Before the launch of HER in 2015, LGBTQ+ women faced challenges in the dating landscape. Exton noted that existing platforms either mimicked gay men’s sites with superficial modifications for women or featured straight-oriented content that was not suitable for queer women. This gap in the market prompted Exton to create a dating product tailored to women’s needs.Originally launched as Dattch, the app eventually rebranded as HER. Exton drew inspiration from Grindr, which had successfully catered to gay men’s dating needs. However, HER evolved beyond a hookup-focused model to provide users with content, events, and opportunities to connect with friends, addressing broader community needs.
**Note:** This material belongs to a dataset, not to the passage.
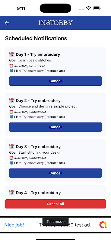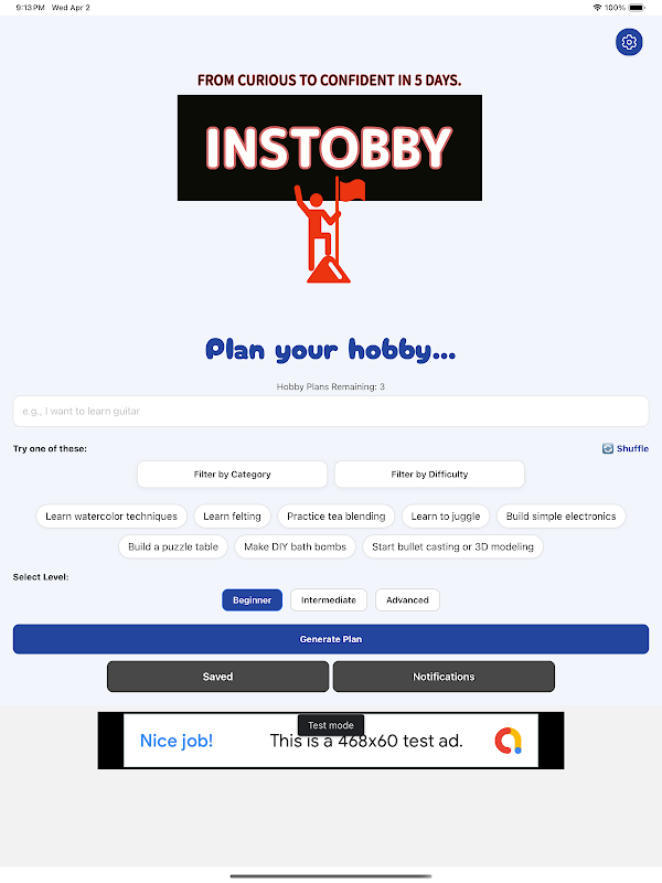 Po prostu wpisz, co Cię interesuje – czy jest to „obróbka drewna”, „rysunek”, „fotografia”, czy nawet „nauka gry na gitarze” – a Instobby natychmiast wygeneruje ustrukturyzowany 5-dniowy plan startowy zawierający wszystko, czego potrzebujesz na początek.

Several dating apps, such as Tser, are explicitly designed for the trans community. Tser markets itself as a platform for transgender individuals and their allies to connect online and foster friendships and support.

However, user reviews for Tser on vary, with some praising its functionality while others criticize its use of potentially transphobic language and categorization of users as ‘men’ and ‘women.’

Mary Richardson, co-creator of the label-free LGBTQ+ dating app Bindr, developed the app in response to the feeling that she and her partner didn’t belong in the existing dating scene. Bindr allows users to share their sexual orientation and gender identity if they wish but doesn’t require it. Richardson prioritizes user safety and personally reads every support ticket to ensure a welcoming environment, particularly for transgender and nonbinary individuals.

With an increasing number of people identifying as LGBTQ+, a variety of niche dating apps have emerged. Dr. Timaree noted that while more choices offer opportunities, they can also lead to decision fatigue and a marketplace-like dynamic. Dating apps have shifted how people connect romantically, introducing challenges in establishing genuine connections in a world with more options but often less accountability than traditional in-person interactions.